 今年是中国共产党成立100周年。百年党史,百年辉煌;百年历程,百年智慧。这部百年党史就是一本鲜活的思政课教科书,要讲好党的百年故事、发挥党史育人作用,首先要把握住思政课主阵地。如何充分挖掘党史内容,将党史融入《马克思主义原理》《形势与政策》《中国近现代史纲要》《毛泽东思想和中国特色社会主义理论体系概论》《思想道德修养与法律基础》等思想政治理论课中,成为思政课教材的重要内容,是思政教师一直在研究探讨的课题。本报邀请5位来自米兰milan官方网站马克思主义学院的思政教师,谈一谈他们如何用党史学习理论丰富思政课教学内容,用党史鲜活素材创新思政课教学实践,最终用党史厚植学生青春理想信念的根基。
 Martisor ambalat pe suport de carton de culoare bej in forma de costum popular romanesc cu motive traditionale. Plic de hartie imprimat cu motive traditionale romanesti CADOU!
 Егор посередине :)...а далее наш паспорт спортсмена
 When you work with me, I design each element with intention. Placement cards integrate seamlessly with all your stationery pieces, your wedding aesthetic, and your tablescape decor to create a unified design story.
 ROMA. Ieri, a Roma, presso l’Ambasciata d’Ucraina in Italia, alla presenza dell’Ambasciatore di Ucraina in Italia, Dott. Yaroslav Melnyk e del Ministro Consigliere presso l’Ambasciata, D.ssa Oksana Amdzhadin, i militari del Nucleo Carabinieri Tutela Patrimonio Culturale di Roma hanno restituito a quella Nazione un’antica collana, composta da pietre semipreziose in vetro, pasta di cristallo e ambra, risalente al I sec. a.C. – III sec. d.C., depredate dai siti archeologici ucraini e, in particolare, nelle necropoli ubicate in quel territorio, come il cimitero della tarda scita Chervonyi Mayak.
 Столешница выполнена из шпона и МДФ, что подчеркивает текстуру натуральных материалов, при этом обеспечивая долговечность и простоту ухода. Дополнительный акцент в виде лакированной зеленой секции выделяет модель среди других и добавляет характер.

--

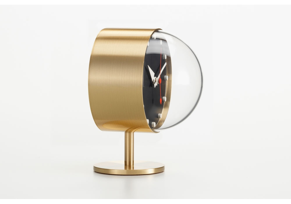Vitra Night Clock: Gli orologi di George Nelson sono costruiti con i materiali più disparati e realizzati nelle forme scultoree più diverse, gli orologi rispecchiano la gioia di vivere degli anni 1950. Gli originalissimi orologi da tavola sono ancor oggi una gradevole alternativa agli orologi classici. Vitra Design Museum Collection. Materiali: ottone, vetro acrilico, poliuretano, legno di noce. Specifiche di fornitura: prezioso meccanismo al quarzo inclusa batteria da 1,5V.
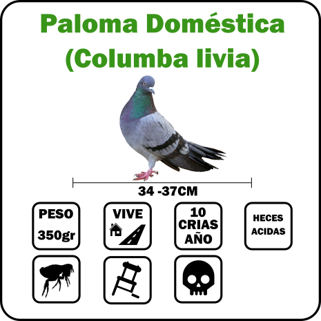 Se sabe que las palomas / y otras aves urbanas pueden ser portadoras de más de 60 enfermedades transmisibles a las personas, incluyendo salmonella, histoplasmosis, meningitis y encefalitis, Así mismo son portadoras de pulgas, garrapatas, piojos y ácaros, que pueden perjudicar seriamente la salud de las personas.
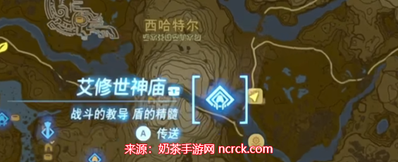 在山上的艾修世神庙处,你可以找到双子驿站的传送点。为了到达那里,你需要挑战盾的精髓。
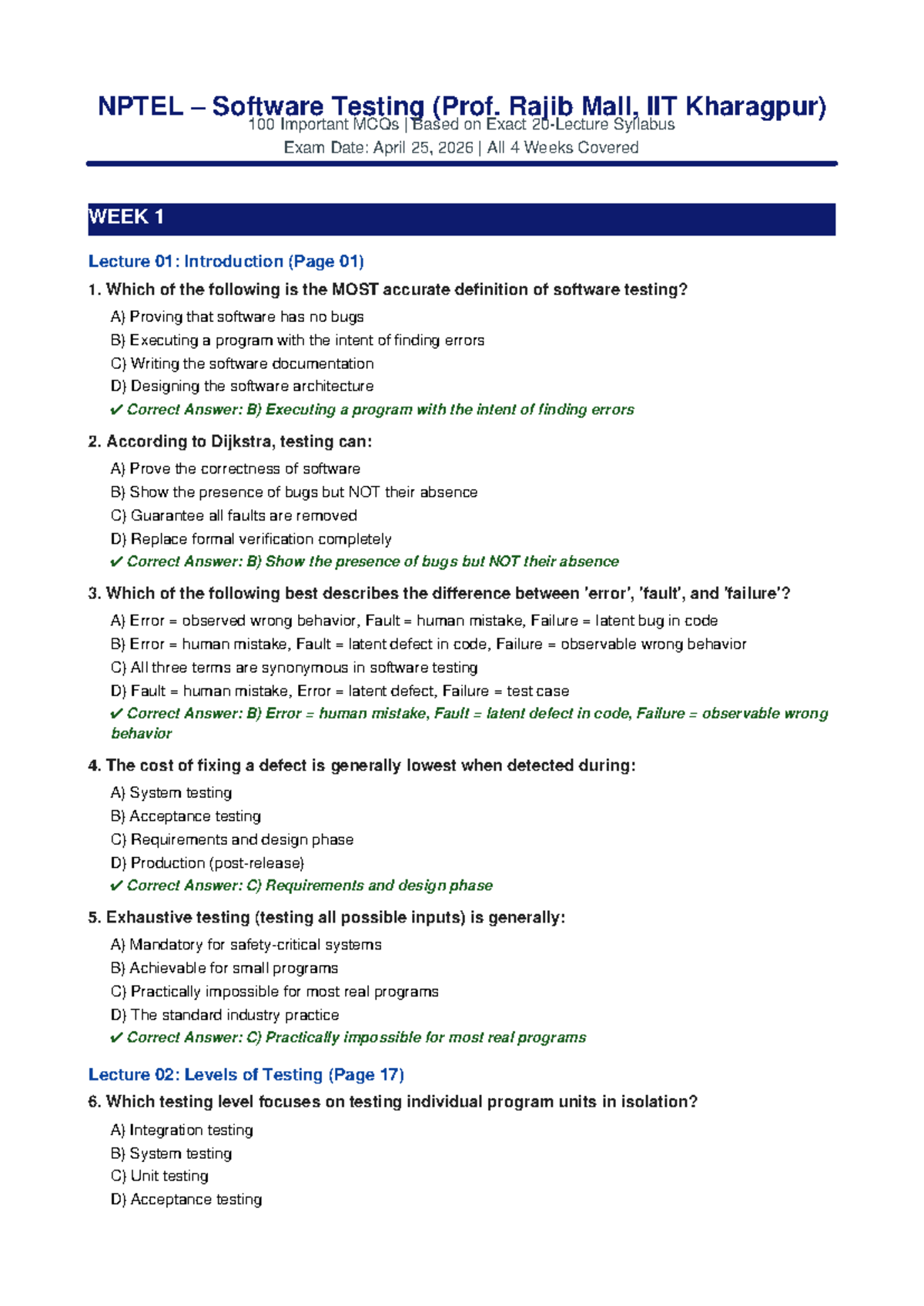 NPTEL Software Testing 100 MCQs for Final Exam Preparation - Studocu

==

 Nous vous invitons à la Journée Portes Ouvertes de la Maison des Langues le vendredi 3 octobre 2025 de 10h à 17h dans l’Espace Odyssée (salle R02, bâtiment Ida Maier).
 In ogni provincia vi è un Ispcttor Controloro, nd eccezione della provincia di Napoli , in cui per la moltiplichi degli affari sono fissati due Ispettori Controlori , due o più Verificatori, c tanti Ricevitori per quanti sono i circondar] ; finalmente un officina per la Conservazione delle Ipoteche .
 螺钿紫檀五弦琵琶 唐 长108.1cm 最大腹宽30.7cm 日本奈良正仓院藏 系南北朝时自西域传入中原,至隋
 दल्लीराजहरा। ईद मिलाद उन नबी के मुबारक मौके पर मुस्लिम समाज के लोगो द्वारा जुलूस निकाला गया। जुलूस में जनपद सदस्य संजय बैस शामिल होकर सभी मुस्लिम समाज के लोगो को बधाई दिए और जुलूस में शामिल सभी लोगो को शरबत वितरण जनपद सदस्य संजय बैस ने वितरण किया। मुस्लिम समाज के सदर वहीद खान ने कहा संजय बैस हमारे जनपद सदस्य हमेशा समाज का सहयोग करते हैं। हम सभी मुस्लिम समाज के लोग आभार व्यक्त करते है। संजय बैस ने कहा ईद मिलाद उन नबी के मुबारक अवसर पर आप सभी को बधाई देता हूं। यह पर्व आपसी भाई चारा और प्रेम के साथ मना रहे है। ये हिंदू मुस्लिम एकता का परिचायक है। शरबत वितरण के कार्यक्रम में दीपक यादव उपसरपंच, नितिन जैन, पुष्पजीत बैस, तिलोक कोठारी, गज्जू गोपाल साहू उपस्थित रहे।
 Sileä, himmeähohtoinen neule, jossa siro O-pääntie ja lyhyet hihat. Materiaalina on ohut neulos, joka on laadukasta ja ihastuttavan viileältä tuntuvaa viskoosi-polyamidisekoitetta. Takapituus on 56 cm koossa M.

**WHAT YOU NEED TO DO**
Look through the material above and print exactly the lines from the one containing "今年是中国共产党成立100周" to the one containing "Столешница выполнена из", both included, and nothing more.

**ANSWER**
 今年是中国共产党成立100周年。百年党史,百年辉煌;百年历程,百年智慧。这部百年党史就是一本鲜活的思政课教科书,要讲好党的百年故事、发挥党史育人作用,首先要把握住思政课主阵地。如何充分挖掘党史内容,将党史融入《马克思主义原理》《形势与政策》《中国近现代史纲要》《毛泽东思想和中国特色社会主义理论体系概论》《思想道德修养与法律基础》等思想政治理论课中,成为思政课教材的重要内容,是思政教师一直在研究探讨的课题。本报邀请5位来自米兰milan官方网站马克思主义学院的思政教师,谈一谈他们如何用党史学习理论丰富思政课教学内容,用党史鲜活素材创新思政课教学实践,最终用党史厚植学生青春理想信念的根基。
 Martisor ambalat pe suport de carton de culoare bej in forma de costum popular romanesc cu motive traditionale. Plic de hartie imprimat cu motive traditionale romanesti CADOU!
 Егор посередине :)...а далее наш паспорт спортсмена
 When you work with me, I design each element with intention. Placement cards integrate seamlessly with all your stationery pieces, your wedding aesthetic, and your tablescape decor to create a unified design story.
 ROMA. Ieri, a Roma, presso l’Ambasciata d’Ucraina in Italia, alla presenza dell’Ambasciatore di Ucraina in Italia, Dott. Yaroslav Melnyk e del Ministro Consigliere presso l’Ambasciata, D.ssa Oksana Amdzhadin, i militari del Nucleo Carabinieri Tutela Patrimonio Culturale di Roma hanno restituito a quella Nazione un’antica collana, composta da pietre semipreziose in vetro, pasta di cristallo e ambra, risalente al I sec. a.C. – III sec. d.C., depredate dai siti archeologici ucraini e, in particolare, nelle necropoli ubicate in quel territorio, come il cimitero della tarda scita Chervonyi Mayak.
 Столешница выполнена из шпона и МДФ, что подчеркивает текстуру натуральных материалов, при этом обеспечивая долговечность и простоту ухода. Дополнительный акцент в виде лакированной зеленой секции выделяет модель среди других и добавляет характер.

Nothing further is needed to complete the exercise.